Minister of National Security Marvin Dames.
By KHRISNA RUSSELL
Deputy Chief Reporter
NATIONAL Security Minister Marvin Dames yesterday defended Prime Minister Dr Hubert Minnis’ proposed salary increase for Members of Parliament insisting critics should be realistic and not “politicise” the issue.
He added he uses a portion of his salary to help constituents in Mount Moriah and also said the government expects the economy to be stronger next year, when the prime minister has said he will introduce the raise.
The Minnis administration has been the target of fiery criticism since Dr Minnis last week announced that in the next budget he would present an increase for MPs who currently are paid $28,000 a year.
The prime minister also said an independent committee would be formed to look at all salary structures for government entities.
This portion of the prime minister’s comments seems to be missing from national discourse, Mr Dames told The Tribune yesterday shortly before heading into the morning session of Cabinet.
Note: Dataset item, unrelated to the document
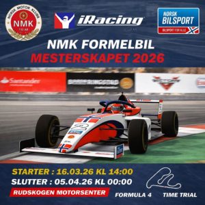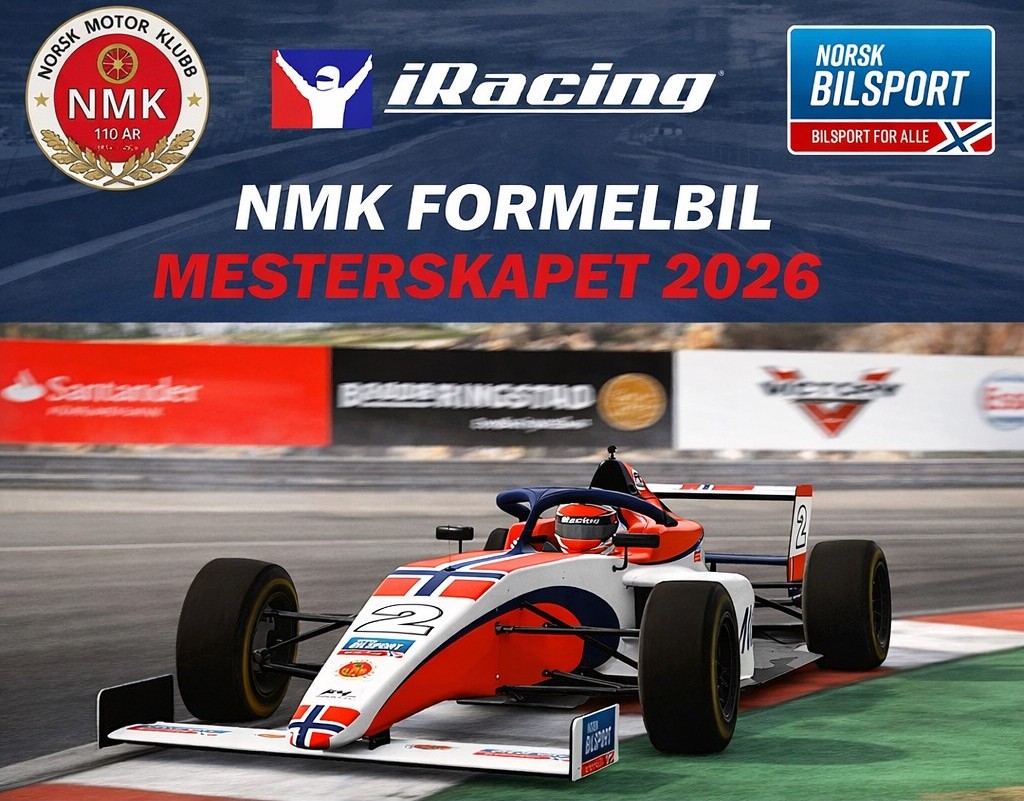 NMK E-sport inviterer i samarbeid med Norges Bilsportforbunds E-sportseksjon til NMK Formelbil Mesterskapet 2026 på iRacing.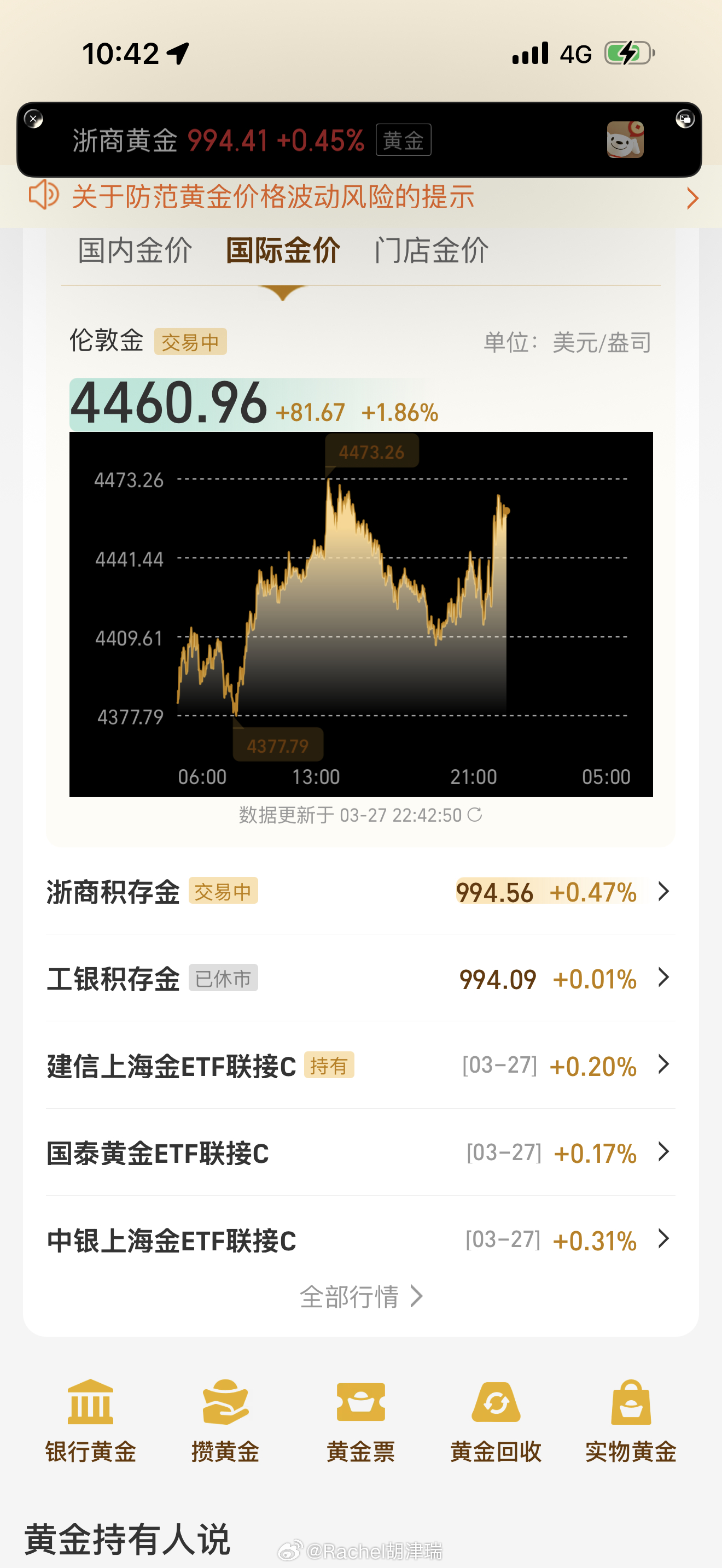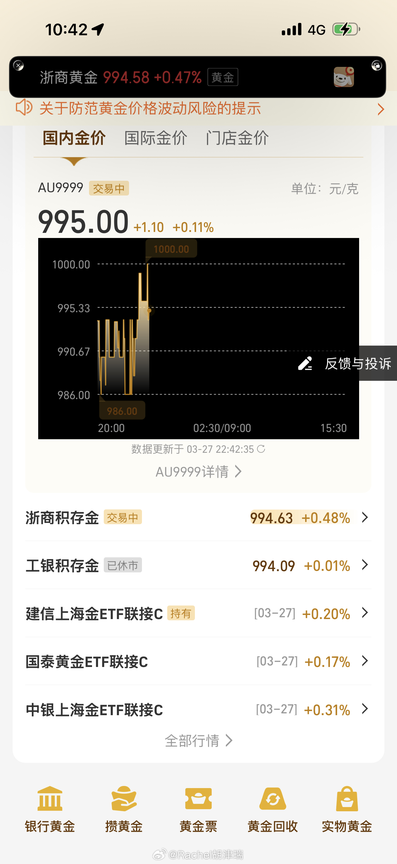 国内金价跌下990元这有啥惊讶的 前阵子都跌到910+了 这说的我以为实物黄金呢

“(The prime minister) did not single out MPs,” Mr Dames said. “We are going to take a look at raises across the board. If we say now that we are going to take an aggressive approach towards corruption what the prime minister is saying is that the $28,000 I’m giving you I know that may not be sufficient but here is what we’re saying, we are going to review that to see whether that is in line with the region and the other parts of the world.
“But if it isn’t, we’ll bring that up. But we’re not only referring to MPs, people have a way to politicise stuff. Not only MPs’ salaries, we are talking about salaries across the board.
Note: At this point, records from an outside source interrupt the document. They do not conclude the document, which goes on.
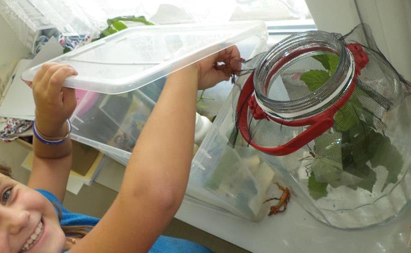 Děcka si je berou na ruku, pozorují při jídle, svlékání a kladení vajec...s mou pomocí jim čistí domeček, doplňují maliník...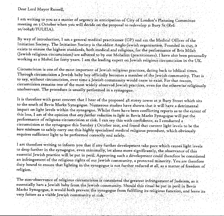 In a letter (seen on the left) to the Lord Mayor of London in 2021, Dr J Spitzer, a prominent mohel (the Hebrew name given to those who conduct the procedure), stated that: “if any further development takes place which causes light levels to drop further in the synagogue, even minimally, let alone more significantly, the observance of this essential Jewish practice will be put in peril.”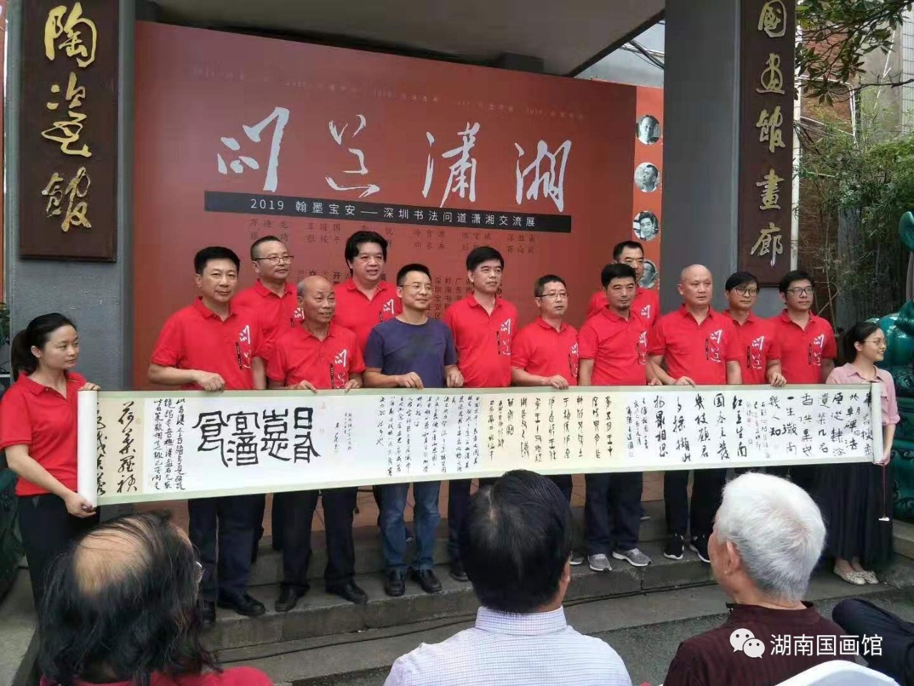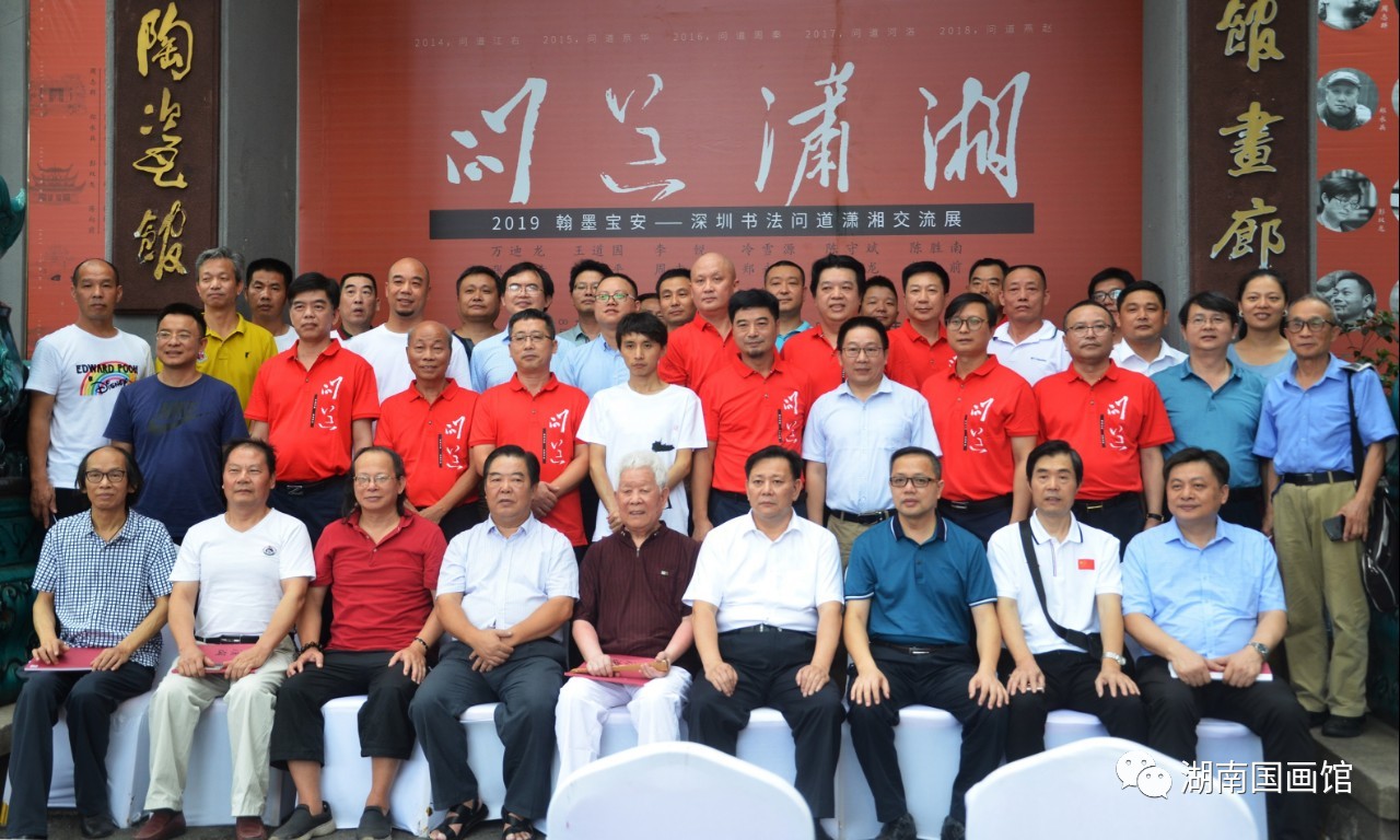 此次“問道瀟湘”是由深圳寶安書社、深圳寶安公共文化服務(wù)中心策劃的品牌活動(dòng),是繼問道江右、問道京華、問道周秦、問道河洛、問道燕趙之后的第六次“問道”活動(dòng),旨在帶上作品,通過展覽和交流,虛心請教,增進(jìn)交流。展覽展出了王道國、萬迪龍、陳勝南、李銳、張琦、張綏平、鄭永兵、冷雪源、周志群、陳守斌、彭雙龍、蔣向前12位深圳書法家的100多幅書法精品,涵蓋篆、隸、楷、行、草、篆刻,氣象正大、功力深厚、風(fēng)格多樣、各有專長,既有切合時(shí)政的政治主題,也有自撰詩詞聯(lián)句和題跋作品;既有湖湘歷史題材佳作,也有深圳本土題材作品;既有丈二巨制,又有平尺小品。展覽的亮點(diǎn)是主展廳的九件丈二巨幅作品,從《不忘初心》到《春天的故事》,從《岳陽樓記》到王冕《墨梅》,筆力沉雄,氣象博大,受到與會(huì)專家和觀眾的好評(píng)!

“And the prime minister said next year and so we are confident that our economy will continue to grow and maybe there will be an opportunity to review MPs’ salaries and every other person’s salaries.”
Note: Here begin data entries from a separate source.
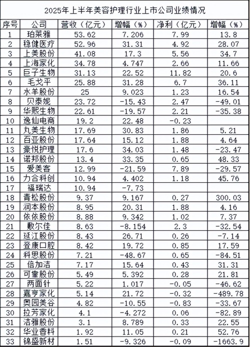 透视美容护理行业2025年上半年财报:珀莱雅领跑,巨子生物最赚钱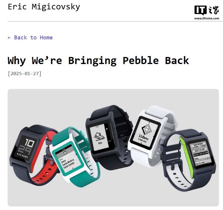 IT之家注意到,Pebble 手表的创始人 Eric Migicovsky 也在当地时间 1 月 27 日宣布回归,他在自己的博客中写道,他每天都戴着 Pebble 手表,已经十多年了,但新硬件的时代已经到来。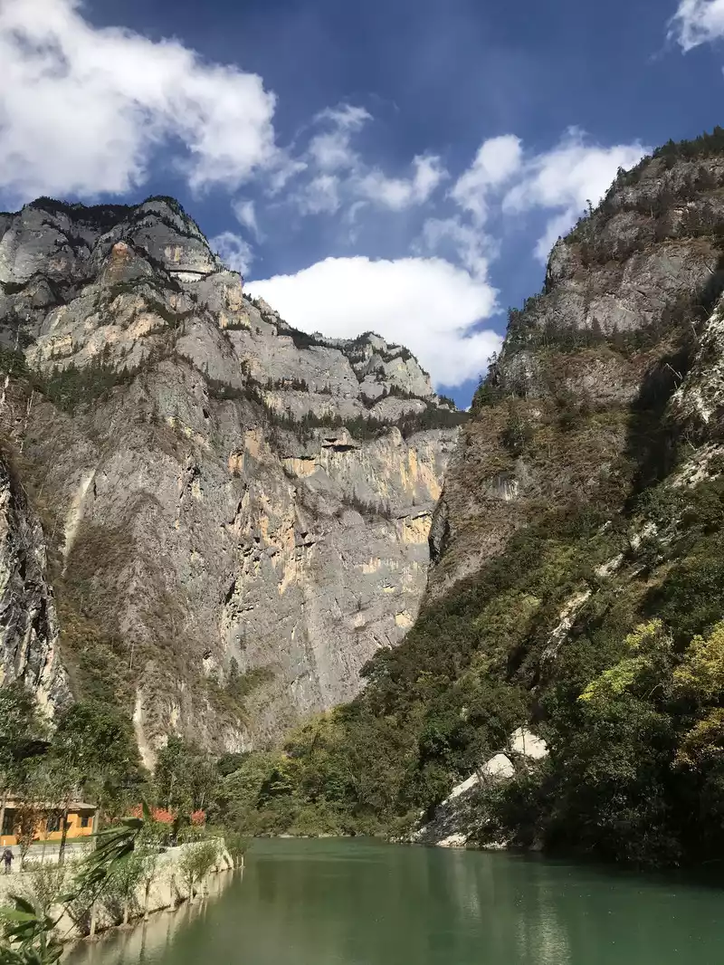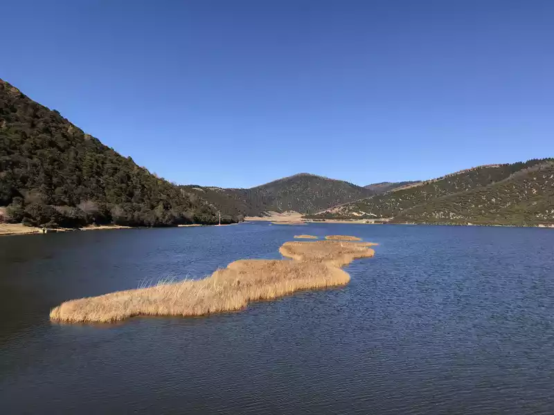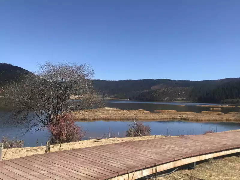 The manor has Tibetan-style fried highland barley and yogurt residue, which is like the fried noodles I ate when I was a child, and the yogurt residue tasted bitter. After breakfast, we set off for Pudacuo, and this time the mountains along the way were no longer steep and steep, but became gentle and dense. The car stops at the entrance of the scenic spot, buys tickets, takes a bus, walks half a circle along the lakeside plank road, and returns by boat, which is the standard itinerary for tourists. This season misses the most beautiful time, the mountains and lakes are still beautiful, the sky and water are blue, the vines and trees are lush, and the beauty of Pudacuo surpasses Lake Lucerne in Switzerland. However, the traces of man-made are not as good as the natural landscapes on the road, and the richness and pristine ecology of the Napa Sea is superior.

The Mount Moriah MP added: “If you talking about salaries, we have people within the service who are making hundreds of thousands of dollars, three or four or maybe five times as (much as) MPs and not even working as hard. So we need to cut the politics out of it and look at the reality.”
He said this was a part of the government’s strategy to curb the occurrence of corruption.
“Because as the prime minister says once we do that then I am saying to you, my ministers and everyone else there is no need for you to be going around the corner to be taking $10,000, $20,000 or $30,000 because I am coming after you but I am saying I want to make it fair.
“From my personal perspective with my salary, in addition to having my own financial obligations, I ensure that a portion of that goes to helping people in my constituency because I think that’s the right thing to do because when people don’t have and you have a little more, you want to help them. We need to look at it from a realistic stand point.”
This comes after Works Minister Desmond Bannister told The Nassau Guardian on Monday a review of MPs’ salaries is long overdue. He applauded the prime minister for addressing the controversial issue.
Dr Minnis has been heavily criticised over the issue because he was against the same matter three years ago while in opposition.
Back in 2014 and in response to the Christie administration’s desire for the same thing, he said: “As long as I am leader of this country, the FNM would not support any pay increase with all the pain and suffering that is going on in this country.”
Since 2014, economic growth remains slow and the Minnis administration frequently laments the state of the country’s finances and the unemployment rate remains high.